The National Basketball Association marked its golden anniversary this season by compiling an all-star squad of the 50 greatest players ever. Missing is a name many of those on the list say was the finest of all – Earl Manigault.

Kareem Abdul-Jabbar, regarded by many as No. 1, says without equivocation that Manigault was the best. The former NBA great not only saw Michael Jordan, Magic Johnson and Larry Bird, he played against them.

Abdul-Jabbar also faced Manigault on the paved playgrounds in New York’s Harlem, where Manigault – “The Goat” to those who know him – became a mythic figure. The late Pete Axthelm, in his acclaimed book The City Game, quotes several NBA superstars as saying The Goat was The Man.

Manigault’s omission from the NBA all-timers roster is not a surprise. He never played pro ball. The puzzler is, how could someone of such spectacular ability escape widespread notice?

The answers are in the The Legend of Earl “The Goat” Manigault, a film that transcends its genre. The story is engrossing, if often depressing. The performances are all-pro caliber. Even the basketball scenes are credible, a rarity in sports films. A squad of NBA players serving as extras contributed to this. A soundtrack of Motown hits completes the thoroughly entertaining package.

Rebound is also the finest kind of cautionary tale. It graphically demonstrates the deadend of drug abuse without ever resorting to sermonizing. It’s the kind of film that would make worthwhile viewing for high school assemblies but will never be shown in such a forum because its language is coarse, vulgar and laced with more racial epithets than a Mark Fuhrman audio tape.

Don Cheadle, best known to TV audiences from Picket Fences, soars as The Goat, a nickname derived from a mispronunciation of his character’s surname. The Goat was one of those youngsters who haunt playground basketball courts, waiting a turn to show his stuff against the big guys. The difference with The Goat is the show he puts on from the first time he is invited onto the court at age 12.

ER’s Eriq LaSalle is doubly marvelous. He moves ahead his ambition to direct with a polished turn at the helm of Rebound and is superb in a supporting role as one of the older players mesmerized by the youngster’s play. A gravity-defying double dunk – Manigault slams the ball through the hoop, catches it, then dunks it again on the same leap – makes The Goat an inner city legend.

Alas, The Goat’s maturity on the basketball floor is far more advanced than it is off the court. The athletic prodigy isn’t equipped to handle the temptations – sex, drugs and booze – thrown at him because of his basketball prowess. He falls in with the wrong crowd, gets strung out on junk and is expelled from high school on the eve of what might have been his greatest triumph.

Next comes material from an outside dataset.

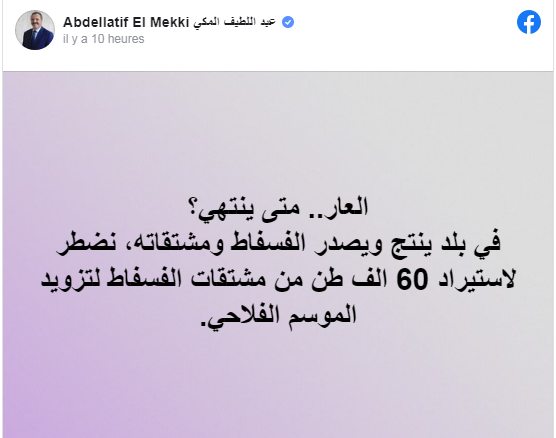 وقال عبد اللطيف المكي، في تدوينة على حسابه بموقع التواصل الاجتماعي فايسبوك ”في بلد ينتج ويصدر الفسفاط ومشتقاته، نضطر لاستيراد 60 الف طن من مشتقات الفسفاط لتزويد الموسم الفلاحي”.

Holcolm Rucker, a cherished figure in New York playground circles for his work helping young people through basketball, sees what is happening to this extraordinary raw talent and tries to intercede. He arranges to get Earl off the streets and into a prep school in rural South Carolina. The escape from the temptations of the big city leads to a brief turnaround. However, Earl lacks the strength of character to see things through when the going gets tough. A girl he falls in love with gets pregnant; he is caught in a bait-and-switch college recruiting deal and his mentor dies.

Cheadle is the pivotman who handles the ball for Rebound the majority of the time but, like any great player, his work would be for naught without a solid group of teammates. Cheadle gets sterling support from Forest Whitaker as Holcom Rucker; James Earl Jones as Dr. McDuffie, the headmaster at the South Carolina prep school who uses tough love to turn around Earl; Clarence Williams III as Coach Pratt, an unimaginative, by-the-book martinet who doesn’t know how to handle such a fabulous talent; and Michael Beach as Legrand, the conscienceless neighborhood drug lord.

With his life in turmoil, Earl falls back on drugs as a crutch. He promises himself he is taking only a temporary respite from building his future but winds up a hopeless junkie, his bright promise extinguished. He has to bottom out before he develops the willpower to bounce back.

A trap non-sports fans should not fall into is dismissing Rebound as a basketball flick. It’s not, any more than Hoosiers was, or Raging Bull was a boxing movie or Bull Durham was a baseball film. Rebound is a tale of great achievement, greater despair at the squandering of extraordinary talent and Hollywood-style redemption, which is all the more satisfying because it is authentic. It’s slam dunk entertainment.